## AIM OF THE EXERCISE
Copy out every entry that follows, without a single picture.

## RECORDED INFORMATION
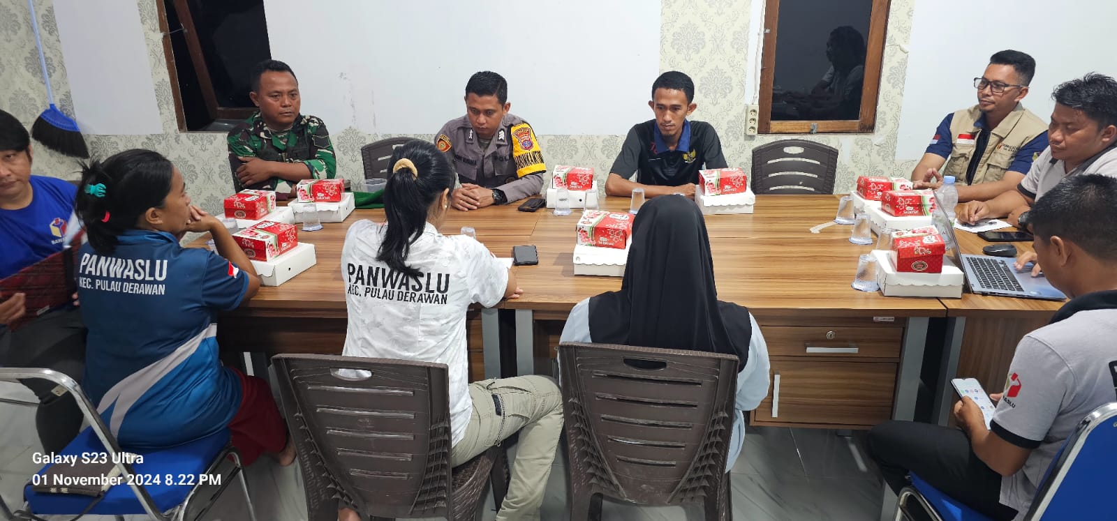 Dalam rapat yang dipimpin oleh Ketua Panwascam, Yoyon Supandi, S.Pd.I, turut hadir pula jajaran Divisi Penanganan Pelanggaran & Penyelesaian Sengketa, Divisi Hukum, serta Divisi Hubungan Masyarakat Panwaslu Pulau Derawan. Bhabinkamtibmas Tanjung Batu, Brigpol Dody Kusuma, dan Babinsa Tanjung Batu, Serma Arman, juga hadir untuk mendukung koordinasi pengamanan.
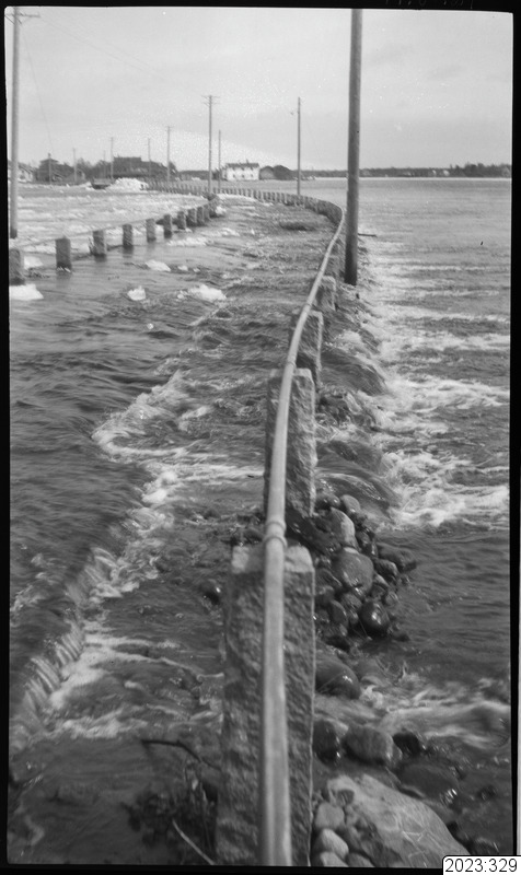 Isgång i Torneälv med översvämning som följd. Ismassorna drar sig nerför älven och sköljer över
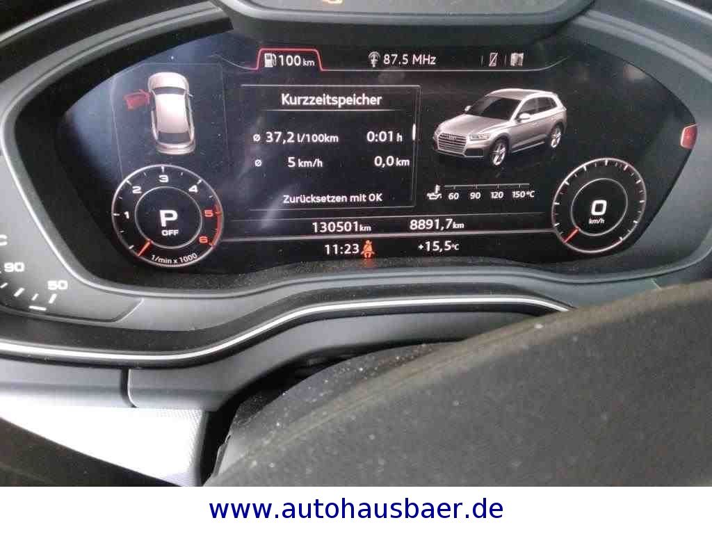Sonderausstattung:Assistenz-Paket Stadt, Assistenz-Paket Tour, Audi connect (Notruf- und Assistance-System), Audi Smartphone Interface, Außenspiegel elektr. verstell-, heiz- und anklappbar, mit Abblendautomatik, Bluetooth-Freisprecheinrichtung mit Spracherkennung (Audi Phone Box), Dachhimmel Stoff, schwarz, Frontkamera (Scheibe), Gepäckraumklappe elektr. betätigt (öffnen + schliessen), Innenspiegel mit Abblendautomatik, Isofix-Aufnahmen für Kindersitz an Beifahrersitz, Kombiinstrument digital (virtual cockpit), Komfort-Klimaautomatik 3-Zonen, Kraftstofftank: 70 Ltr., Lendenwirbelstützen vorn, elektr. verstellbar, Lenkrad (Leder - 3-Speichen) mit Multifunktion plus, Metallic-Lackierung, Multi-Media-Interface MMI Navigation Plus mit MMI Touch, Panoramadach vorn elektrisch, hinten fest, Seitenairbag hinten, Sitzbezug / Polsterung: Kunstleder / Leder, Sitze vorn elektr. verstellbar, Sitzheizung vorn, Sound-System DSP / Audi Sound-System, USB-Schnittstelle für Fondpassagiere, Verglasung hinten abgedunkelt (Privacyverglasung)
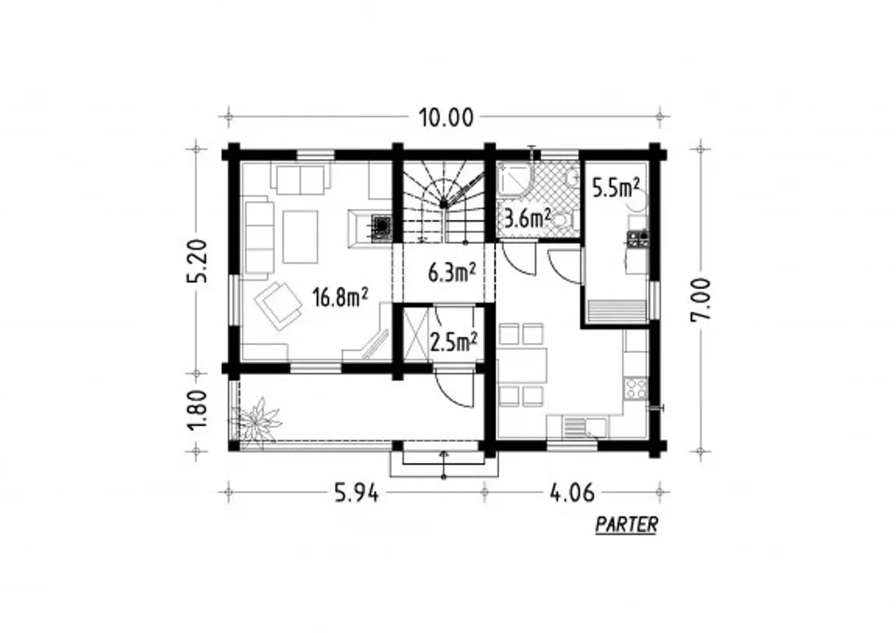 Odkryj tradycyjny dom z bali o bryle litery L - idealny dla czteroosobowej rodziny, która ceni przytulność, nowoczesne rozwiązania i wyjątkowy klimat domowego ogniska. Ten całoroczny projekt wyróżnia się nie tylko funkcjonalnością na co dzień, ale także unikalną architekturą, która przyciąga wzrok i harmonizuje z dowolnym otoczeniem.
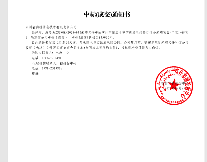 喀什市第三十中学机房及报告厅设备采购项目(二次)
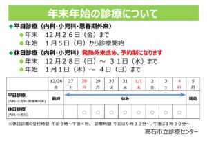 昨年同様、本年もインフルエンザが流行しています(予防接種は12/25(木)まで実施しています)。手洗い・うがい等で予防に努めてください。
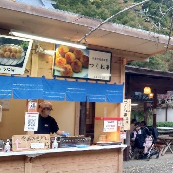 香嵐渓、三州足助屋敷にて「つくね串」販売中!
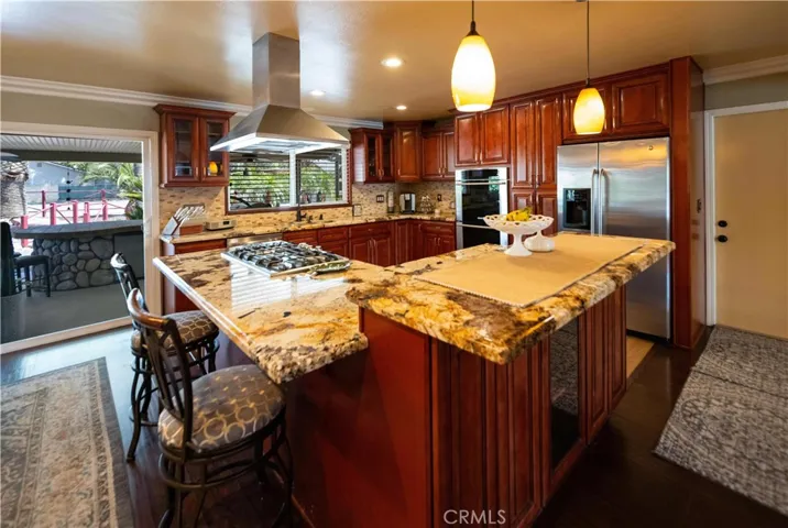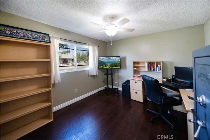 The backyard is an entertainer’s oasis featuring a built-in BBQ with sink and relaxing spa. Mature palm trees provide natural beauty while an abundance of fruit trees offer fresh apples, lemons, limes, pomegranates, pears, guava, and exotic dragon fruit right in your backyard. Horse enthusiasts will love the horse stalls and spacious storage shed.
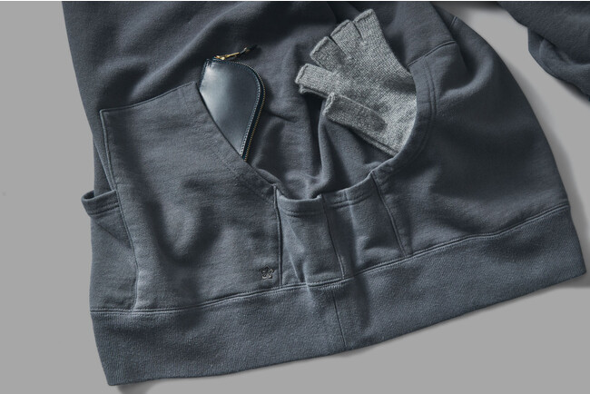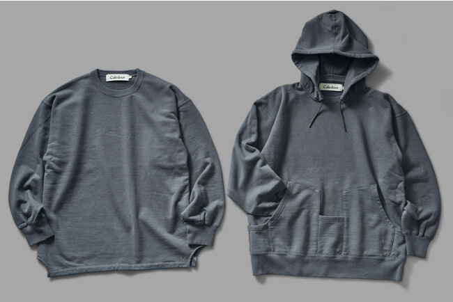 今回のスウェットは、カレドアーのデビューシーズンから展開されているアイテム。 その魅力は、オーガニックコットンを用いた肌触りがよく、柔らかでゆったりとした着心地です。 原綿に極力ストレスを与えないよう、丸胴編みで丁寧に編み上げられた生地を使うことで、高品質を実感するソフトな肌触りを生み出しています。 また、さり気ないブランドロゴの刺繍や、パーカーには数多くのポケットを装備しているなど、ディテールの細部にブランドらしいこだわりを感じさせてくれます。
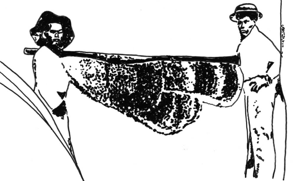 2. Soma oder die Bienenkolonie als Waffe Indras und Rudras - Tod und Heil liegen nahe beieinander. - Keith (1925:168) meint, daß es Merkmale gibt, die zeigen, daß die Somapflanze sehr mächtig ist und J. Brough (1971:359) hält es für höchstwahrscheinlich, daß man sich nach RV 9,83,5 und 9,86,40 Soma als Indras Waffe vorgestellt hatte. In der Tat, der Berauschendste führt gute Waffen (9,15,8), ist wohlbewaffnet (9,65,5), „mit guten Waffen, berauschendst, süßest“ (RV 9,108,15) und in RV 1,33,13 wird die Keule Indras als scharfer Bulle bezeichnet. Mit der mächtigen Honigwabe der Riesenbiene und ihrer nach Zehntausenden zählenden „lanzenkundigen“ Bevölkerung von Hornissengröße sieht es so aus: Im Gegensatz zum nur rutenförmigen Ephedra-Zweig oder zum mollig-weichen Stiel des Fliegenpilzes ist eine zum Angriff gereizte Kolonie eine Waffe mit bekanntermaßen Furcht einflößenden Dimensionen. Menschen, Wasserbüffel und Elefanten erscheinen in der Literatur als ihre Opfer. A. dorsata wird als „the most ferocious stinging insect in the world“ bezeichnet (Morse & Laigo 1969:22) und drei Stiche von ihr sollen einem Kobrabiß entsprechen. Die Wabe am vielleicht keulenförmig vorgestellten Ast (Abb. 30) oder am Felsen (Abb. 14,16), verbunden mit blitzartigen Attacken der Bienen, sind in meinen Augen ein treffendes Bild für Indras, bzw. Rudras Keule.
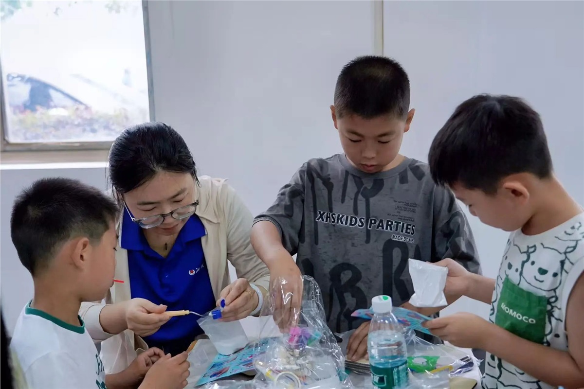 ▲在父母的陪伴與引導(dǎo)下,萌娃們用巧手將色彩斑斕的材料變?yōu)橐幻睹丢?dú)一無二的創(chuàng)意冰箱貼。
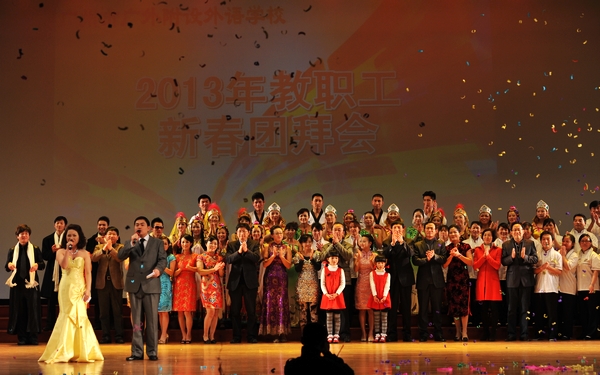金龙摆尾逍遥去,银蛇昂首迎春来。1月13日晚,黄华楼礼堂流光溢彩、欢歌笑语,外校700名教职员工欢聚一堂,喜迎新春佳节。
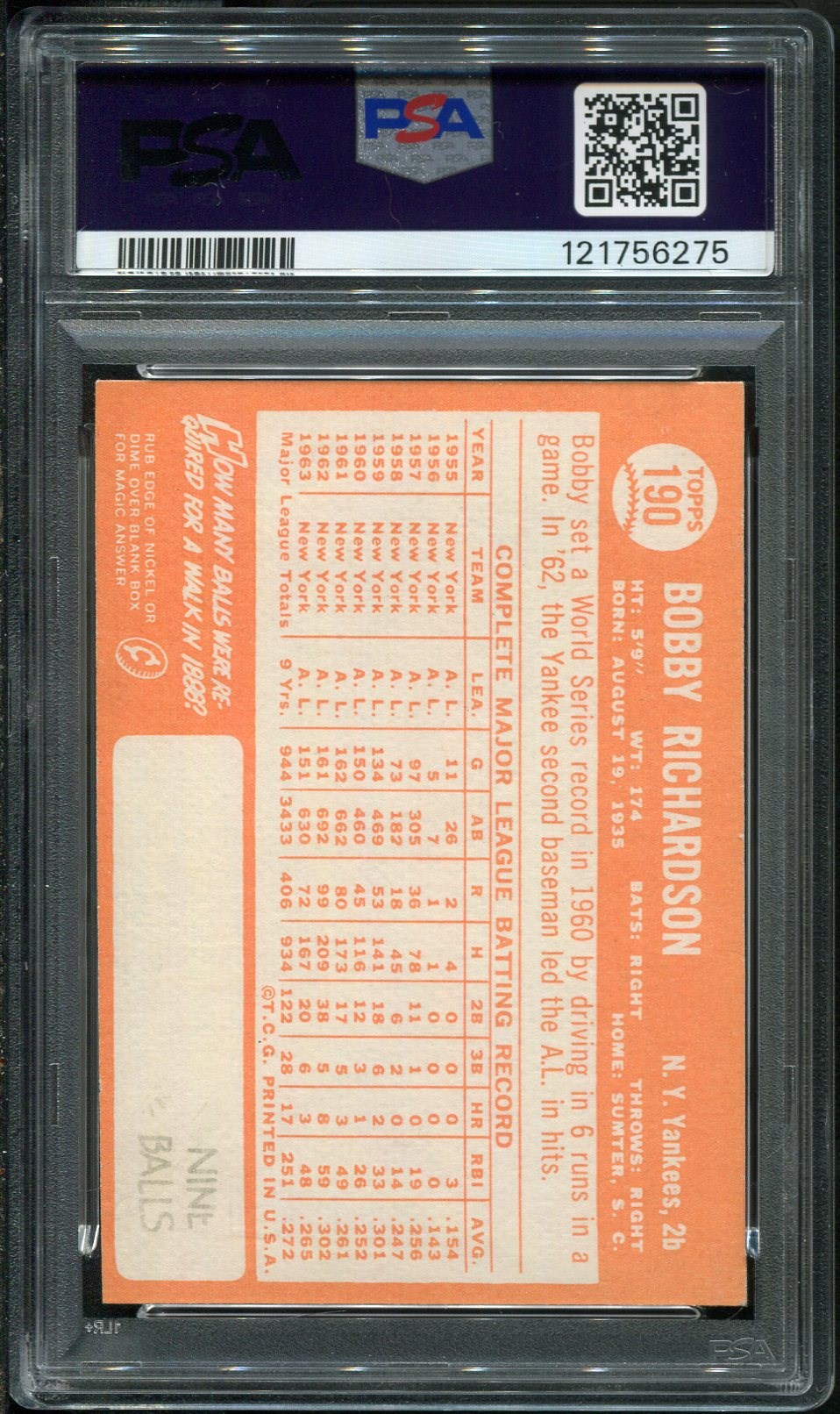 1964 Topps Bobby Richardson #190 PSA NM 7 - Card was recently graded and comes in a new PSA holder. Card has nice centering, sharp corners and great registration.
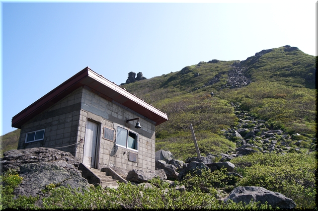 ・ 右 : 鳳鳴ヒュッテ(非難小屋) … ここから山頂まで岩場に。
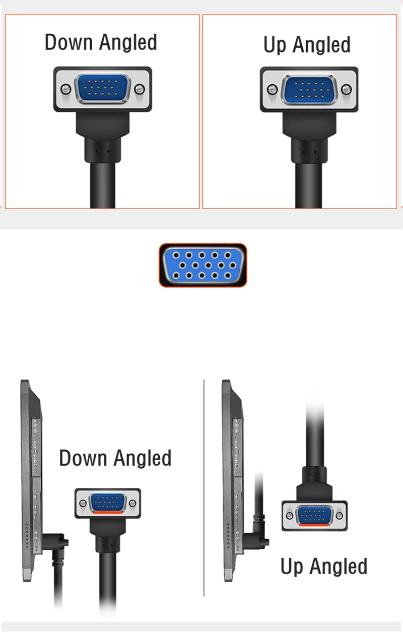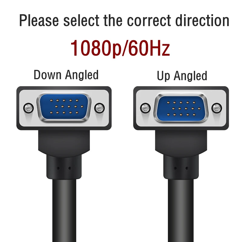 Comprar Cable VGA 1080p para Monitor de ordenador, conector estándar de 15 Pines, 90 grados, derecho, Izquierdo, arriba y abajo, Cable SVGA macho para escritorio

## ANSWER TO THIS EXERCISE
 Dalam rapat yang dipimpin oleh Ketua Panwascam, Yoyon Supandi, S.Pd.I, turut hadir pula jajaran Divisi Penanganan Pelanggaran & Penyelesaian Sengketa, Divisi Hukum, serta Divisi Hubungan Masyarakat Panwaslu Pulau Derawan. Bhabinkamtibmas Tanjung Batu, Brigpol Dody Kusuma, dan Babinsa Tanjung Batu, Serma Arman, juga hadir untuk mendukung koordinasi pengamanan.
 Isgång i Torneälv med översvämning som följd. Ismassorna drar sig nerför älven och sköljer över
Sonderausstattung:Assistenz-Paket Stadt, Assistenz-Paket Tour, Audi connect (Notruf- und Assistance-System), Audi Smartphone Interface, Außenspiegel elektr. verstell-, heiz- und anklappbar, mit Abblendautomatik, Bluetooth-Freisprecheinrichtung mit Spracherkennung (Audi Phone Box), Dachhimmel Stoff, schwarz, Frontkamera (Scheibe), Gepäckraumklappe elektr. betätigt (öffnen + schliessen), Innenspiegel mit Abblendautomatik, Isofix-Aufnahmen für Kindersitz an Beifahrersitz, Kombiinstrument digital (virtual cockpit), Komfort-Klimaautomatik 3-Zonen, Kraftstofftank: 70 Ltr., Lendenwirbelstützen vorn, elektr. verstellbar, Lenkrad (Leder - 3-Speichen) mit Multifunktion plus, Metallic-Lackierung, Multi-Media-Interface MMI Navigation Plus mit MMI Touch, Panoramadach vorn elektrisch, hinten fest, Seitenairbag hinten, Sitzbezug / Polsterung: Kunstleder / Leder, Sitze vorn elektr. verstellbar, Sitzheizung vorn, Sound-System DSP / Audi Sound-System, USB-Schnittstelle für Fondpassagiere, Verglasung hinten abgedunkelt (Privacyverglasung)
 Odkryj tradycyjny dom z bali o bryle litery L - idealny dla czteroosobowej rodziny, która ceni przytulność, nowoczesne rozwiązania i wyjątkowy klimat domowego ogniska. Ten całoroczny projekt wyróżnia się nie tylko funkcjonalnością na co dzień, ale także unikalną architekturą, która przyciąga wzrok i harmonizuje z dowolnym otoczeniem.
 喀什市第三十中学机房及报告厅设备采购项目(二次)
 昨年同様、本年もインフルエンザが流行しています(予防接種は12/25(木)まで実施しています)。手洗い・うがい等で予防に努めてください。
 香嵐渓、三州足助屋敷にて「つくね串」販売中!
 The backyard is an entertainer’s oasis featuring a built-in BBQ with sink and relaxing spa. Mature palm trees provide natural beauty while an abundance of fruit trees offer fresh apples, lemons, limes, pomegranates, pears, guava, and exotic dragon fruit right in your backyard. Horse enthusiasts will love the horse stalls and spacious storage shed.
 今回のスウェットは、カレドアーのデビューシーズンから展開されているアイテム。 その魅力は、オーガニックコットンを用いた肌触りがよく、柔らかでゆったりとした着心地です。 原綿に極力ストレスを与えないよう、丸胴編みで丁寧に編み上げられた生地を使うことで、高品質を実感するソフトな肌触りを生み出しています。 また、さり気ないブランドロゴの刺繍や、パーカーには数多くのポケットを装備しているなど、ディテールの細部にブランドらしいこだわりを感じさせてくれます。
 2. Soma oder die Bienenkolonie als Waffe Indras und Rudras - Tod und Heil liegen nahe beieinander. - Keith (1925:168) meint, daß es Merkmale gibt, die zeigen, daß die Somapflanze sehr mächtig ist und J. Brough (1971:359) hält es für höchstwahrscheinlich, daß man sich nach RV 9,83,5 und 9,86,40 Soma als Indras Waffe vorgestellt hatte. In der Tat, der Berauschendste führt gute Waffen (9,15,8), ist wohlbewaffnet (9,65,5), „mit guten Waffen, berauschendst, süßest“ (RV 9,108,15) und in RV 1,33,13 wird die Keule Indras als scharfer Bulle bezeichnet. Mit der mächtigen Honigwabe der Riesenbiene und ihrer nach Zehntausenden zählenden „lanzenkundigen“ Bevölkerung von Hornissengröße sieht es so aus: Im Gegensatz zum nur rutenförmigen Ephedra-Zweig oder zum mollig-weichen Stiel des Fliegenpilzes ist eine zum Angriff gereizte Kolonie eine Waffe mit bekanntermaßen Furcht einflößenden Dimensionen. Menschen, Wasserbüffel und Elefanten erscheinen in der Literatur als ihre Opfer. A. dorsata wird als „the most ferocious stinging insect in the world“ bezeichnet (Morse & Laigo 1969:22) und drei Stiche von ihr sollen einem Kobrabiß entsprechen. Die Wabe am vielleicht keulenförmig vorgestellten Ast (Abb. 30) oder am Felsen (Abb. 14,16), verbunden mit blitzartigen Attacken der Bienen, sind in meinen Augen ein treffendes Bild für Indras, bzw. Rudras Keule.
 ▲在父母的陪伴與引導(dǎo)下,萌娃們用巧手將色彩斑斕的材料變?yōu)橐幻睹丢?dú)一無二的創(chuàng)意冰箱貼。
金龙摆尾逍遥去,银蛇昂首迎春来。1月13日晚,黄华楼礼堂流光溢彩、欢歌笑语,外校700名教职员工欢聚一堂,喜迎新春佳节。
 1964 Topps Bobby Richardson #190 PSA NM 7 - Card was recently graded and comes in a new PSA holder. Card has nice centering, sharp corners and great registration.
 ・ 右 : 鳳鳴ヒュッテ(非難小屋) … ここから山頂まで岩場に。
 Comprar Cable VGA 1080p para Monitor de ordenador, conector estándar de 15 Pines, 90 grados, derecho, Izquierdo, arriba y abajo, Cable SVGA macho para escritorio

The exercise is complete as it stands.